My code for solving (see here on how to install z3py):

Code:

from z3 import *



key = BitVec('key', 64)

solve((key * key * key * key * key * key * key) == 0x90de757572b51cd3)

Output:

Code:

[key = 16721472531635646971]

0xE80E9AAC619831FB

Here is my solution based on solving it as an RSA problem:

key^7 = x (mod 2^64)
x^d = key (mod 2^64)

Where d is the private exponent, calculated by finding the multiplicative inverse of 7 modulo phi(2^64) = 2^63, which turns out to be 0x6db6db6db6db6db7.

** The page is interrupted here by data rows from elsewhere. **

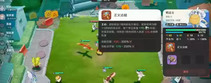 鸭法师的原理机制颇为独特,属于正确元理类角斗士特性。其技能“正义法锤”可对周围一格范围内的友方单位产生激励效果,使其获得持续1.5秒的治疗回复。与此同时,通过锤击地面,还能对附近敌人造成物理伤害。无论是技能伤害还是治疗效果,都与鸭法师自身的物攻属性密切相关。正确元理这一特性,还能为队伍带来30%的攻击力提升增益。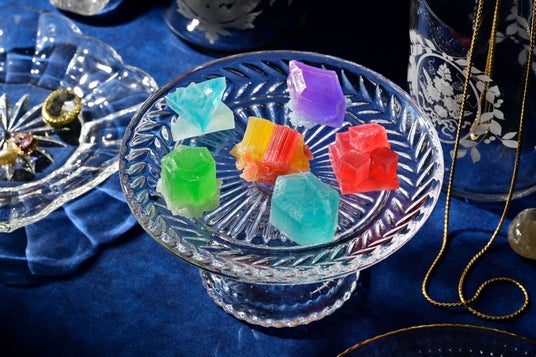 色とりどりの輝きを放つ琥珀糖。盛り付けるだけで優雅なティータイムに。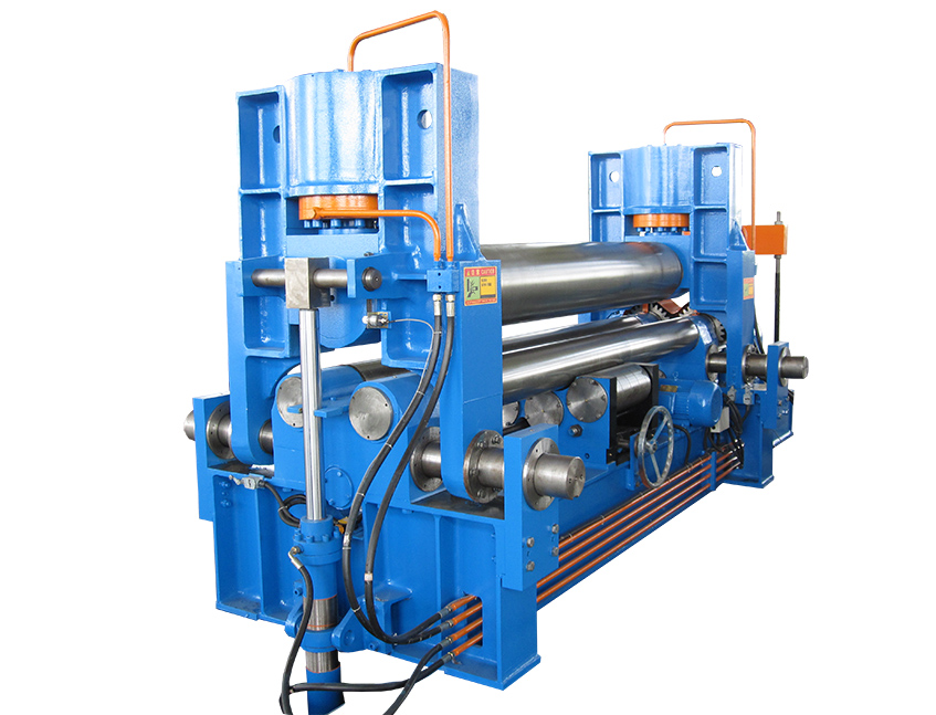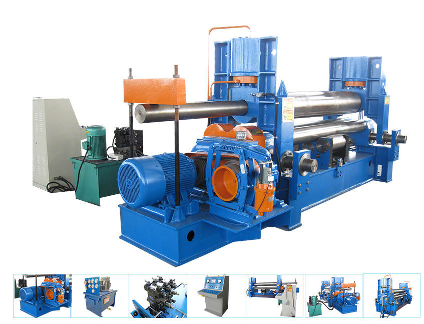 W11SNC萬能式三輥卷板機是一種雙夾板彎板機。 上輥為液壓驅動。 上輥可水平和垂直調節,兩個下輥是固定的。 所有合金鋼輥均經過感應淬火和熱處理。 經過感應淬火處理后,所有的輥都將被研磨和拋光。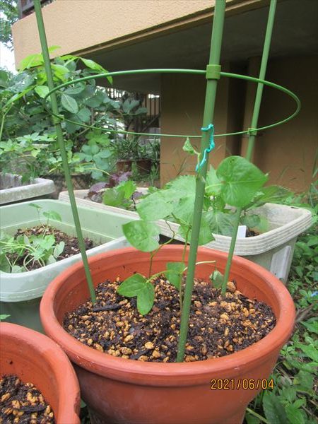 偶然に「撫順の朝顔」のことを知り、ある方から種を分けていただくことになりました。いただいた種を植えて5日目には芽を出し、さらに一週間では定植できるほどにすくすく伸びています。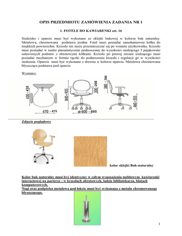 OPIS PRZEDMIOTU ZAMÓWIENIA ZADANIA NR 1 1. FOTELE DO KAWIARENKI szt. 16 Siedzisko i oparcie musi być wykonane ze sklejki bukowej w kolorze buk naturalny. Metalowa, chromowana podstawa jezdna. Fotel musi posiadać samohamowne kółka do miękkich powierzchni. Krzesło nie może przemieszczać się po wstaniu użytkownika. Krzesło musi posiadać w nodze pneumatycznie podnoszonej do wysokości siedzącego 5 pająkowato ustawionych podstaw z obrotowymi kółkami. Krzesło po prawej stronie siedzącego musi posiadać mechanizm w formie rączki do podnoszenia krzesła i regulacji go w wysokości siedzenia. Oparcia musi być wykonane z drewna w kolorze oparcia. Metalowa chromowana błyszcząca podstawa pod oparcie. Wymiary: Zdjęcie poglądowe kolor sklejki Buk-naturalny Kolor buk naturalny musi być identyczny w całym wyposażeniu meblowym kawiarenki internetowej na parterze : w krzesłach obrotowych, ladzie bibliotekarza, blatach komputerowych. Nogi oraz podpórka metalowa pod łokcie musi być wykonana z metalu chromowanego błyszczącego. 1 2. FOTELE OBROTOWE szt. 12 Fotel obrotowy musi być wyposażony w siłownik gazowy regulujący wysokość siedziska. Mechanizm synchrodynamiczny w systemie Freeness lub równoważnym ( musi być wyposażone w automatyczne dopasowanie ruchów siedziska i oparcia do ciężaru użytkownika). Elastyczne oparcie musi być wykonane z profilowanego tworzywa. Tapicerowane żebra oparcia muszą być wykonane w tkaninie o kolorze niebieskim, odporność na ścieralność 100 000 cykli Martindal’a. Profilowane siedzisko z tapicerowaną poduszką musi być obite w kolorze czarnym. Podłokietniki 4D lub równoważny, z regulacją wysokości, szerokości, głębokości i kąta. Krzyżakowe nogi muszą być wykonane z aluminium malowanego proszkowo. Kółka jezdne musza być przeznaczone do podłóg twardych (drewnianych i granitu). Fotel musi posiadać atest niepalności. Przedział parametrów technicznych Wysokość siedziska: od 42-57 cm Głębokość siedziska: od 46 cm - 48 cm Szerokość siedziska: od 49 cm - 51 cm Wysokość fotela : od 100 -120 cm Głębokość fotela: od 67 cm - 71 cm Szerokość fotela: od 67 cm - 71 cm. Zdjęcie poglądowe 3. FOTEL OBROTOWY szt. 58 1. Siedzisko i oparcie musi być zintegrowane z podłokietnikami tapicerowane musi być z każdej strony tkaniną. 2. Metalowa rama siedziska – chrom 3. Nogi w kształcie krzyżaka na obrotowej podstawie przymocowanej do kubełka fotelu. Nogi chromowane błyszczące. Stopki samopoziomujące zabezpieczeniem filcowym. 4. Rozmiar ( wysokość / szerokość / głębokość ): od 775-do778 cm /od 63 cm do 65cm / od 58.5- do 60 cm 5. Obicia z tkaniny typu Contrach (YN) lub równoważnych kolorach i parametrach 2 6. Wymagana kolorystyka tkanin typu Contract: YN204 (fiolet) YN200 (zieleń) YN079 (czerwień) YN097 (niebieski) Tkanina musi posiadać: - odporności na ścieralność 100.000 cykli Martindal’a; - w 100% złożona z poliestru; - atest niepalności 6. Produkt musi posiadać dwuletnią gwarancję jakości. Wymiary na rysunku technicznym Zdjęcie poglądowe: Wymagana kolorystyka tkaniny typu Contract YN 079 czerwień YN 200 zieleń YN 204 fiolet 3 Yn 097 niebieski 4. SOFA szt. 12 Sofa musi być w całości tapicerowana. Obicie musi być tapicerowane tkaniną typu Contract lub równoważną o identycznych właściwościach, kolorze i splocie. Tkanina musi być jednolitej barwy, gęstym splocie włókien, w 100% wykonana z poliestru, odporności na ścieralność 100.000 cykli Martindala. Wymagany jest atest niepalności. Sofa musi być w całości tapicerowana. Nóżki metalowe chromowane błyszczące, stopki samopoziomujące. Fotel musi posiadać dwuletnią gwarancję. Rysunek techniczny z wymiarami Zdjęcie poglądowe Wymagana kolorystyka tkaniny Contract YN 079 czerwień YN200 zieleń YN 204 fiolet YN 097 niebieski 4 STOLIK szt. 20 Stół musi posiadać metalowe chromowane błyszczące nóżki posiadające regulowane stopki. Blat stołu musi być wykonany z płyty melaminowanej MA-NE (klon / jesion) lub o identycznym kolorze. Wymiary blatu – od 55do 57 x od 55 do 57 cm. Wysokość od 46cm do 48 cm Wymagana jest dwuletnia gwarancja jakości. Wymiary na rysunku technicznym Zdjęcie poglądowe 6. STÓŁ ŚREDNI 120x 80 szt. 5 Stół musi posiadać stelaż metalowy, chromowany błyszczący. Blat musi być wykonany z płyty wiórowej, wykończonej po bokach okleiną modyfikowaną o kolorze blatu. Nogi stołu chromowane błyszczące muszą być wyposażone w przegubowe stopki z tworzywa sztucznego Konstrukcja stelaża musi być bez widocznych spawów (w technologii TIG lub równoważnej). Stelaż musi być wyposażony w gumowe dystanse umożliwiające sztaplowanie stołów. Konstrukcja stołu musi umożliwiać sztaplowanie do 4 sztuk. Kolor okładziny blatu brzoza Wymagana okładzina blatu stolika w kolorze brzoza. 5 Przykładowy wygląd Przykładowa możliwość sztaplowania stołów Wymiary i wygląd wysokość całkowita 735 mm szerokość całkowita 800 mm długość całkowita 1200 mm 7. STÓŁ duży 160 x 80 szt. 4 Stół musi posiadać stelaż metalowy, chromowany błyszczący. Blat musi być wykonany z płyty wiórowej, wykończonej po bokach okleiną modyfikowaną o kolorze blatu. Nogi stołu chromowane błyszczące muszą być wyposażone w przegubowe stopki z tworzywa sztucznego. Konstrukcja stelaża musi być bez widocznych spawów (w technologii TIG lub równoważnej). Stelaż musi być wyposażony w gumowe dystanse umożliwiające sztaplowanie stołów. Konstrukcja stołu musi umożliwiać sztaplowanie do 4 sztuk. Wymagany kolor okładziny blatu brzoza. 6 Przykładowy wygląd Przykładowa możliwość sztaplowania stołów Wymiary i wygląd wysokość całkowita 735 mm szerokość całkowita 800 mm długość całkowita 1600 mm 8. STÓŁ mały 80x80 szt. 15 Stół musi posiadać stelaż metalowy, chromowany błyszczący. Blat musi być wykonany z płyty wiórowej, wykończon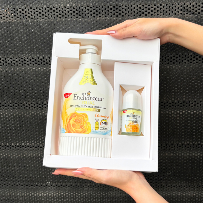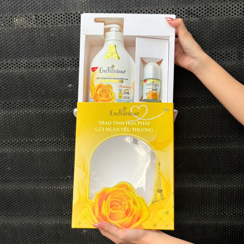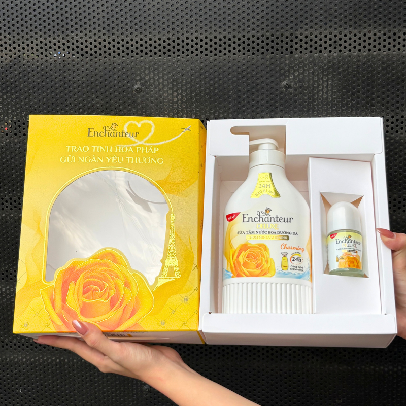 Kho sỉ set Quà Tặng Cao Cấp Enchanteur Deluxe Hương Nước Hoa Pháp + Lăn Khử Mùi (Set Màu Vàng)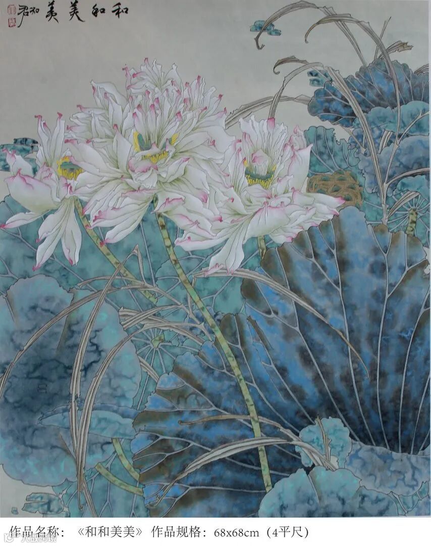 第四是市场认可。王希孟的作品今日是无价之宝,傅抱石作品拍出2.3个亿,张大千1.9个亿,刘知君的作品2019年曾被拍出150万私藏,目前价格仍在快速上涨,作为“中华泼金绘画第一人”,未来可以期待!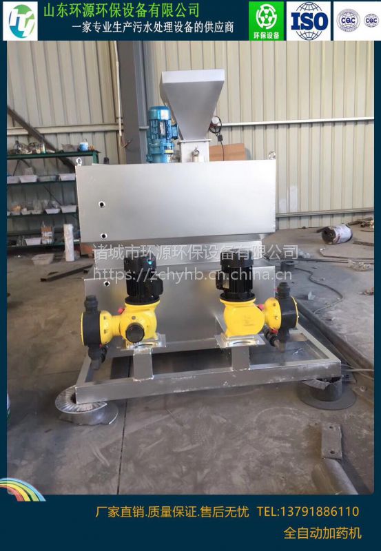 本装置是粉状药剂的全自动连续配置及投加系统。干粉药剂从料斗下部的螺旋推进器进入预混器与清水进行预混,被湿润的物料进入配制槽进行稀释混合,按用户要求浓度进行配制;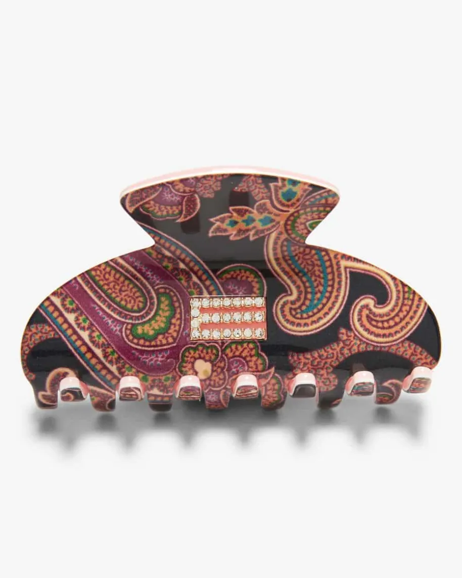 Haarklammer für Damen von Etro in Navy, Violett und Terrakotta. Die Haarspangezeichnet sich durch das labeltypische Paisley-Dessin sowie den edlenSchmuckstein-Besatz aus und avanciert so zum stilvollen Accessoire, das jederFrisur das gewisse Etwas verleiht.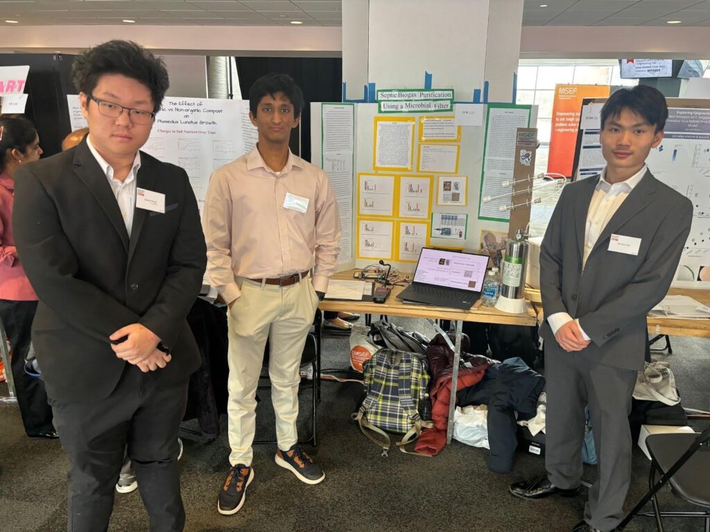 What began as a simple assignment for our school science fair as part of the Intro to Science Research elective has since grown into an award-winning research project. We three high school students from Acton Boxborough Regional High School were ultimately selected to compete at the 2024 Massachusetts Science and Engineering Fair (MSEF) at Gillette Stadium on April 5, 2024, where our project, entitled “Septic biogas purification with a microbial filter,” won first place in the category of environmental engineering among hundreds of top projects.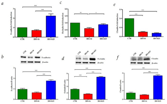 The analysis of tight junction (TJ) proteins’ expression showed that the mRNA and protein levels of E-cadherin and Occludin were induced by KD treatment in IBS rats compared to both control and IBS-St (Figure 5a–d respectively). For Claudin-1, no difference in mRNA levels was detected between IBS-St and IBS-KD group, probably due to a rapid mRNA turnover rate (Figure 5e). However, the treatment with KD caused a significant overexpression of Claudin-1 protein (Figure 5f) compared to the other groups.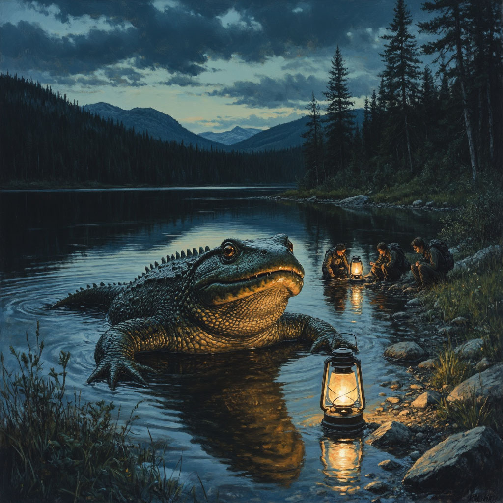 В 1997 году группа из пяти туристов отправилась в поход по Северному Уралу. Они планировали пройти по малоизученному маршруту через горные перевалы, заночевать у лесного озера, а на третий день спуститься к реке. Всё шло гладко до вечера второго дня, когда они вышли к странному водоёму — не отмеченному ни на одной карте. Озеро лежало в глубокой котловине, окружённой отвесными скалами; вода была чёрной, неподвижной, будто застывшей. Туристы разбили лагерь на каменистом берегу. Пока ставили палатки, старший группы, Виктор, заметил: на противоположной стороне, среди валунов, что‑то блеснуло — словно чешуя на солнце. Он пригляделся, но ничего не разглядел. «Может, рыба?» — подумал он, но озеро казалось безжизненным: ни ряби, ни птиц, ни даже насекомых над водой. Ночью дежурил Сергей. Около двух часов он услышал тихий плеск — будто кто‑то осторожно входил в воду. Он поднялся, взял фонарь и направился к берегу. Луч света скользнул по поверхности — и вдруг Сергей замер. Из озера медленно подн

Raising the magic constant to this private exponent, and taking modulo 2^64, produces the seret key 0xe80e9aac619831fb, as found by Kerlingen, UniSoft, and mr.exodia.

Code:

#include <iostream>

#include <stdint.h>

 

uint64_t modexp(uint64_t a, uint64_t b) {

  uint64_t y = 1;

  uint64_t tmp = a;

  for (int i = 0; i < 64; ++i) {

    uint64_t mask = uint64_t(1) << i;

    if (b & mask) {

      y *= tmp;

    }

    tmp *= tmp;

  }

  return y;

}

 

int main() {

  uint64_t in = 0x90de757572b51cd3;

  uint64_t tmp = modexp(in, 0x6db6db6db6db6db7);

  uint64_t out = modexp(tmp, 7);

  if (in == out) {

    std::cout << "Success: " << std::hex << tmp << std::endl;

  } else {

    std::cout << "Error" << std::endl;

  }

  return 0;

}

Quote:

Originally Posted by dila (Post 105628)

Here is my solution based on solving it as an RSA problem:

key^7 = x (mod 2^64)
x^d = key (mod 2^64)

Code:

#include <iostream>

#include <stdint.h>

 

uint64_t modexp(uint64_t a, uint64_t b) {

  uint64_t y = 1;

  uint64_t tmp = a;

  for (int i = 0; i < 64; ++i) {

    uint64_t mask = uint64_t(1) << i;

    if (b & mask) {

      y *= tmp;

    }

    tmp *= tmp;

  }

  return y;

}

 

int main() {

  uint64_t in = 0x90de757572b51cd3;

  uint64_t tmp = modexp(in, 0x6db6db6db6db6db7);

  uint64_t out = modexp(tmp, 7);

  if (in == out) {

    std::cout << "Success: " << std::hex << tmp << std::endl;

  } else {

    std::cout << "Error" << std::endl;

  }

  return 0;

}

An enhanced version of modexp function

Code:

uint64_t modexp(uint64_t a, uint64_t b)

{

        uint64_t y = 1;

        uint64_t tmp = a;

        while( b )

        {

                if( b & 1 )

                        y *= tmp;

                tmp *= tmp;

                b >>= 1;

        }

        return y;

}

Quote:

Originally Posted by mr.exodia (Post 105626)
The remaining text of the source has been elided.